• **The problem**
Every line of the data below should be repeated exactly, and no picture should be copied.

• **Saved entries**
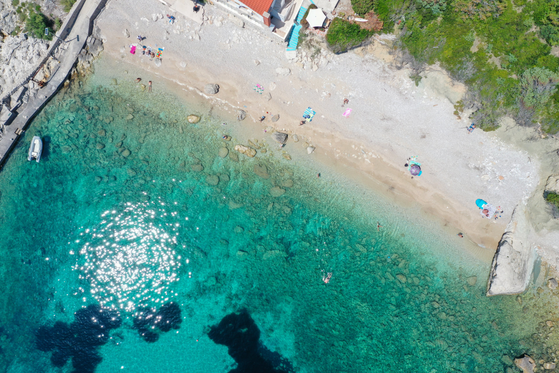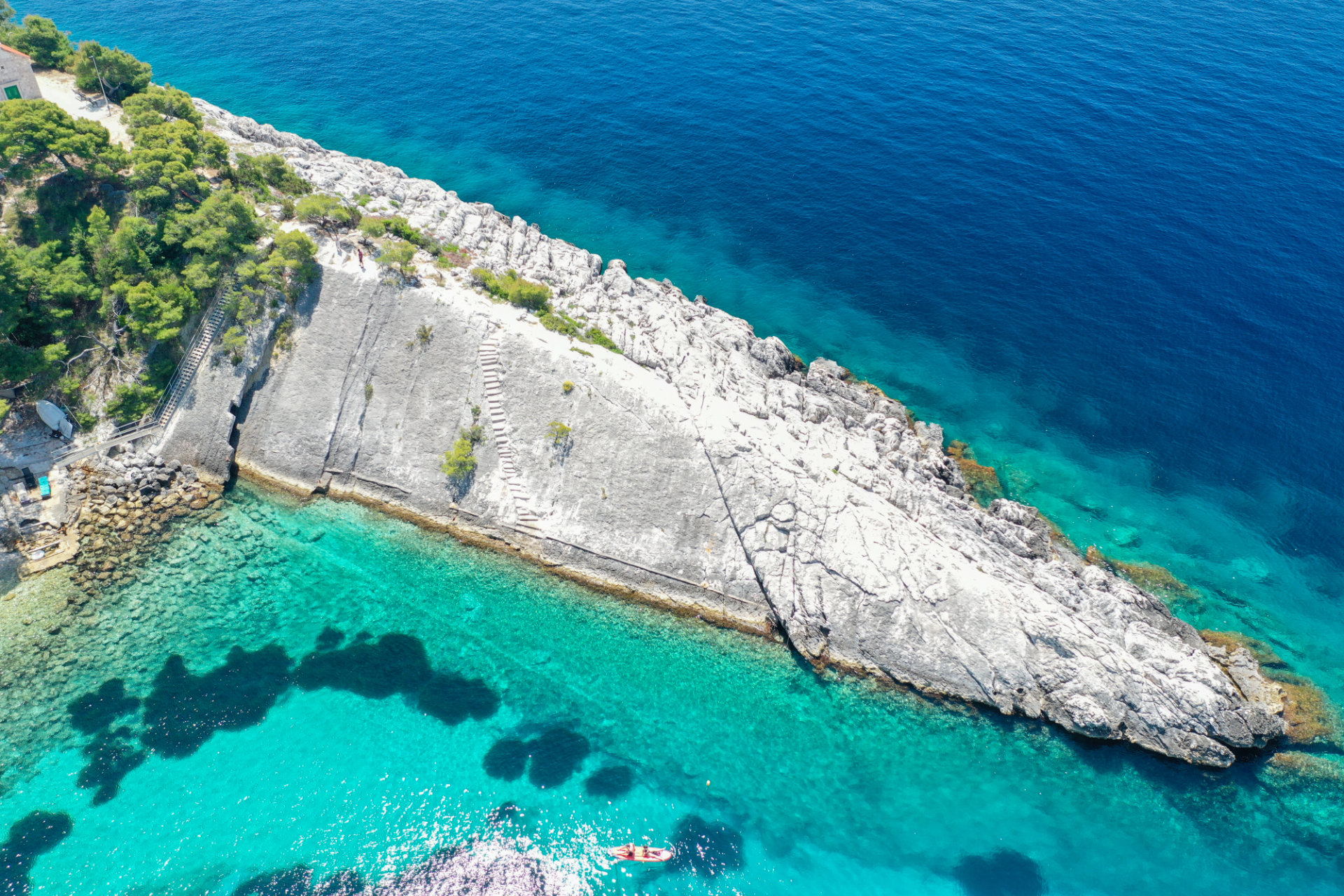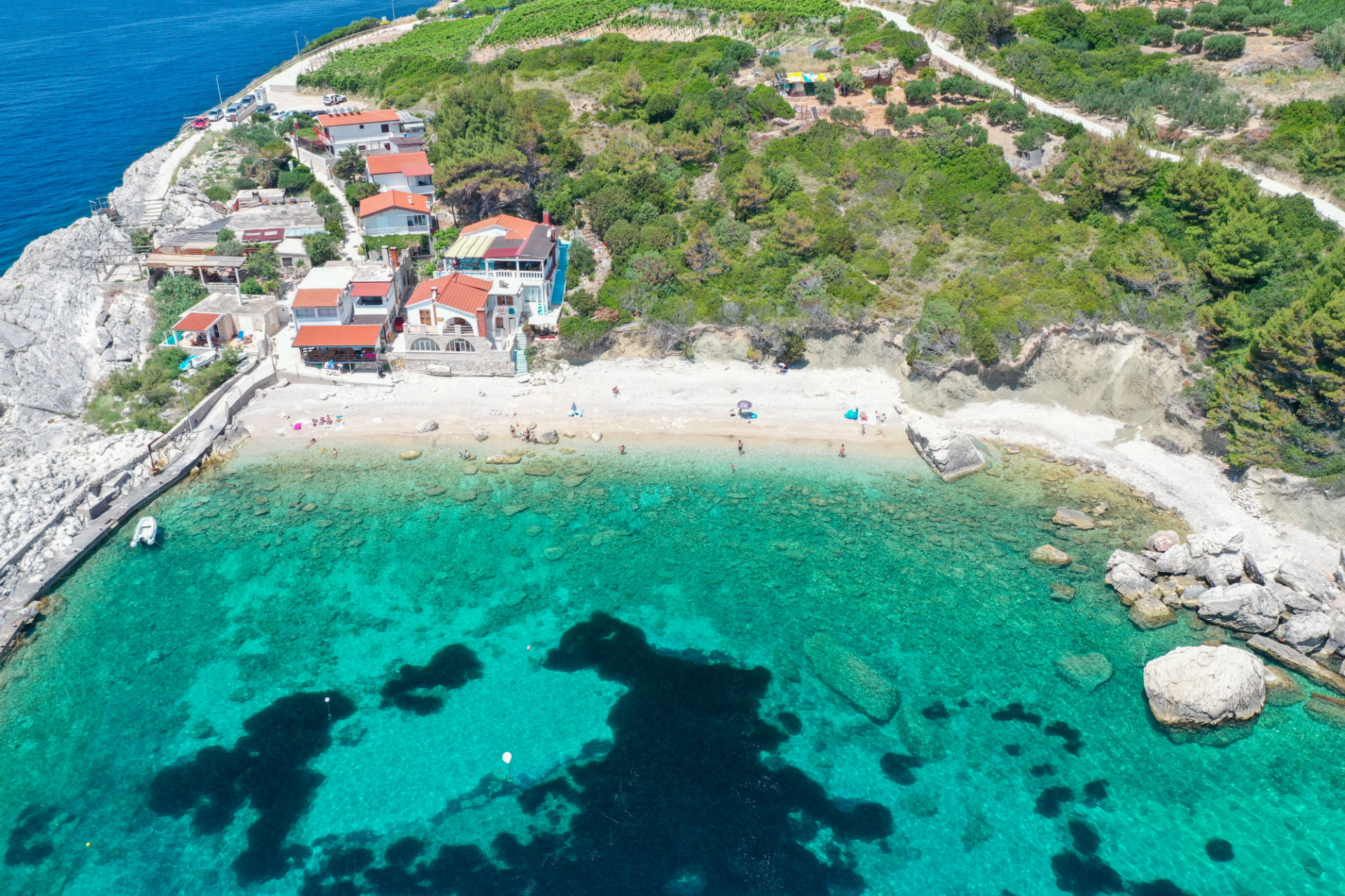 On the rocky cliffs of Hvar’s southern side lies Zaraće, a village 6 km from the city of Hvar. At the base of this picturesque village, two deep coves with pebble beaches nestle against the rugged cliffs: Velo Zaraće faces east, and Malo Zaraće west. These beaches, enclosed by stunning rocky cliffs, are not only scenic but also popular with swimmers and underwater enthusiasts, thanks to the area’s rich marine landscapes. The village offers delightful accommodation and has several inviting restaurants.
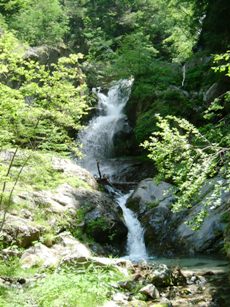 左岸支流の堰堤工事現場を横目にガレ場を登り続けて行くと、周囲は一転して深い緑の渓谷。
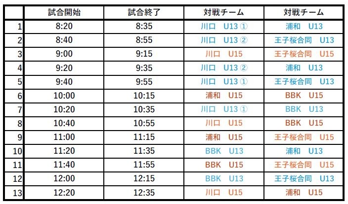 集合:8:20までにJR京浜東北線川口駅改札の外→西口から徒歩15分でグラウンド到着
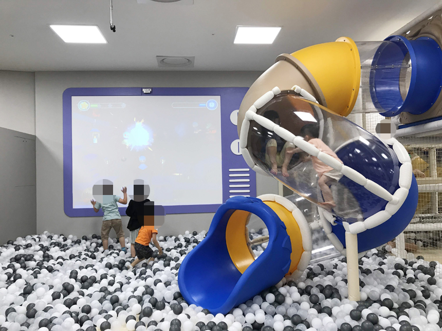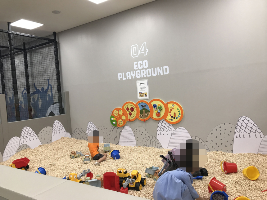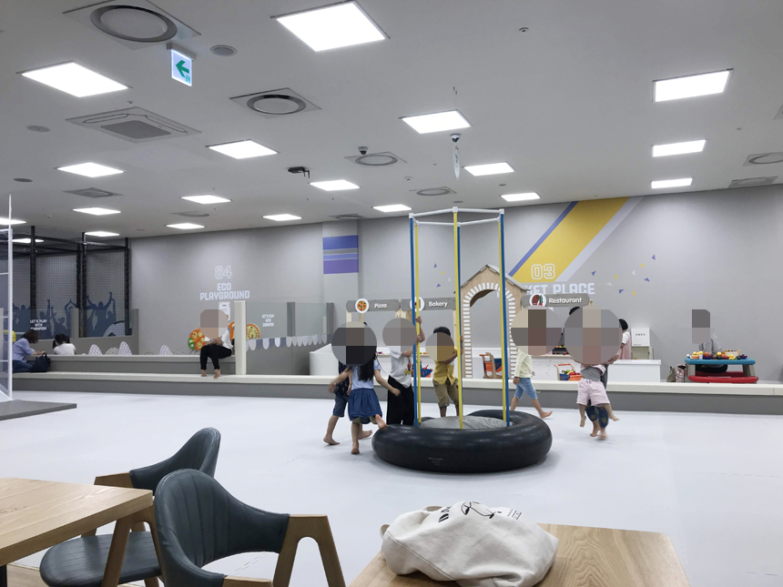 보호자가 옆에 있어야 하는 영유아는 안되겠지만 좀 큰 아이들의 경우 장을 보는 동안 놀게 할 수 있다는 장점이 있다.
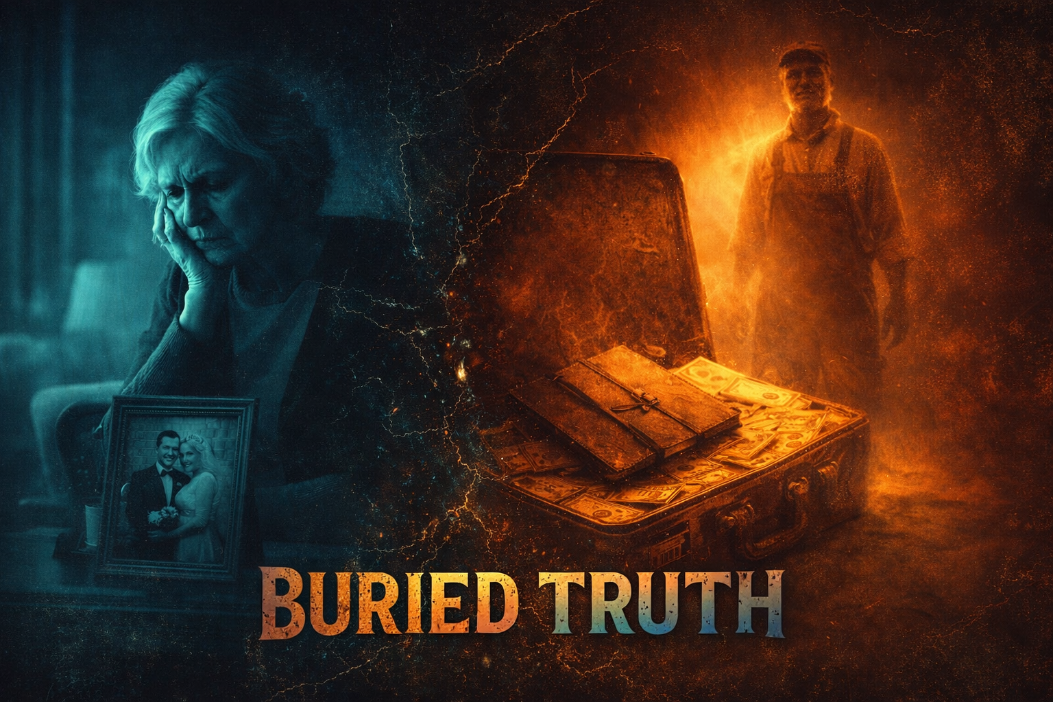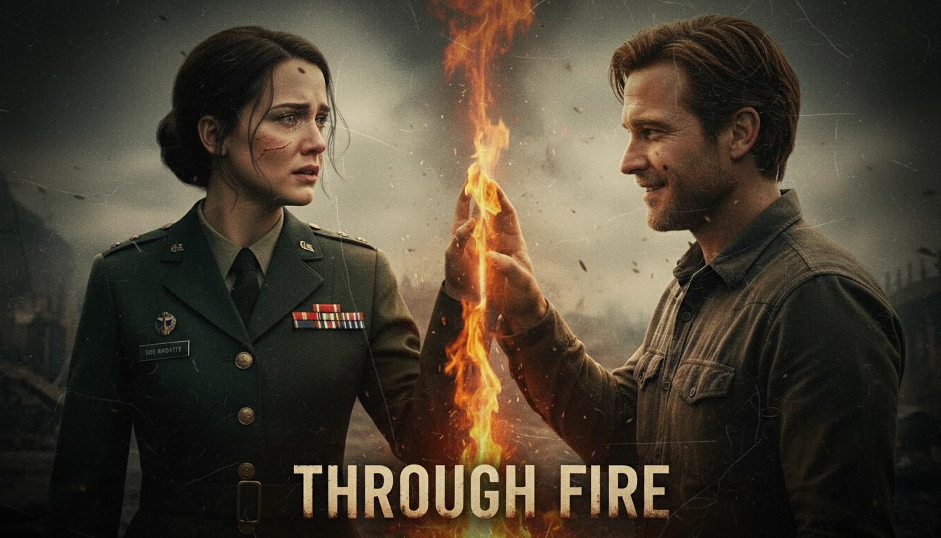 Two time periods dissolving through the center. Cold blue-teal left, warm amber right. The emotional journey lives in the transition.

• **Answer area**
 On the rocky cliffs of Hvar’s southern side lies Zaraće, a village 6 km from the city of Hvar. At the base of this picturesque village, two deep coves with pebble beaches nestle against the rugged cliffs: Velo Zaraće faces east, and Malo Zaraće west. These beaches, enclosed by stunning rocky cliffs, are not only scenic but also popular with swimmers and underwater enthusiasts, thanks to the area’s rich marine landscapes. The village offers delightful accommodation and has several inviting restaurants.
 左岸支流の堰堤工事現場を横目にガレ場を登り続けて行くと、周囲は一転して深い緑の渓谷。
 集合:8:20までにJR京浜東北線川口駅改札の外→西口から徒歩15分でグラウンド到着
 보호자가 옆에 있어야 하는 영유아는 안되겠지만 좀 큰 아이들의 경우 장을 보는 동안 놀게 할 수 있다는 장점이 있다.
 Two time periods dissolving through the center. Cold blue-teal left, warm amber right. The emotional journey lives in the transition.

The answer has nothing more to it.